A new paper is added to the collection of reproducible documents: Fast streaming local time-frequency transform for nonstationary seismic data processing

Schematic illustration of the proposed SLTFT

The CPU time comparison among the time-frequency analysis methods. Orange line: STFT; blue dash line: SLTFT; red dot line: streaming attributes; green dash-dot line: LTF decomposition.
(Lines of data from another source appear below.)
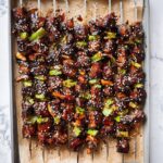 These Saucy Korean BBQ Beef Skewers combine tender tri tip or sirloin steak with fresh scallions and cremini mushrooms, all generously coated in a flavorful homemade Korean BBQ sauce. Perfectly grilled to deliver a sweet, savory, and slightly spicy taste, these skewers make a delicious and easy weeknight dinner or party appetizer.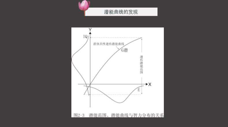 其实看这条曲线,他在Y轴上的投影。正好跟我们群体差异分布的范围是一样大的。换句话说就是我们看到的人类差异的空间或范围,实际上是我们每个人曾经有的潜能范围。这样一个逻辑的得出,实际上对于教育而言责任重大,它改变了近100多年心理学的公理,改变了千百年来人们关于差异的认知,当然对后期更深刻的思考会更多。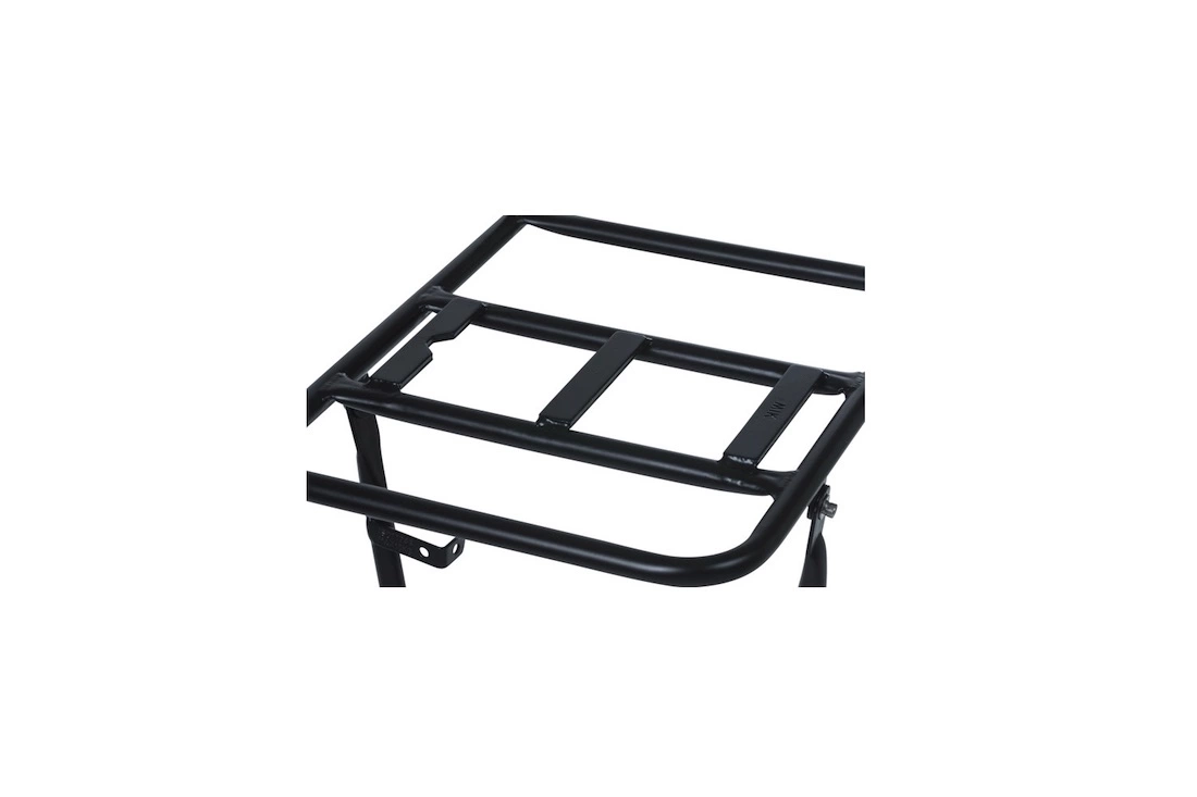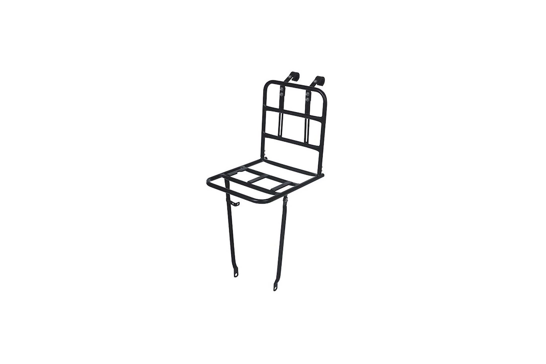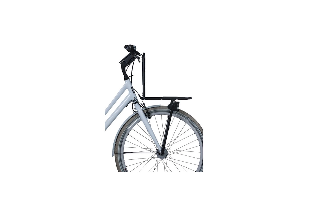 The sturdy and larger Basil front frame can carry up to 10 kg. With adjustable grips that attach to the handlebars of the wheel. There is also an attachment point for the front wheel on the rear frame.

The convergence speed affects the CPU time of the LTF decomposition, resulting in a non-smooth curve
Time-frequency analysis serves as a useful approach to solve different complex problems in seismic data processing. From a practical standpoint, the majority of time-frequency transform techniques frequently grapple with the trade-off between time and frequency localization adaptability, flexibility in sampling time and frequency, and the pursuit of computational efficiency. To address this, we tailor the streaming computation to implement a fast time-frequency transform, namely the streaming local time-frequency transform (SLTFT), which can significantly decrease the computational cost of adaptive time-frequency analysis. We add a localization scalar to the proceeding streaming algorithm to circumvent the need for taper functions, which provides rapid forward and inverse transforms and applicability in various scenarios. We demonstrate the adaptive time-frequency characteristics of the proposed method, which offers a nonstationary time-frequency representation with variable time-frequency localization. Numerical tests indicate that the proposed SLTFT is a more balanced method compared to previous time-frequency adaptive transforms. It proves suitable for a range of practical applications in nonstationary seismic data processing, including ground-roll attenuation, inverse-Q filtering, and multicomponent data registration.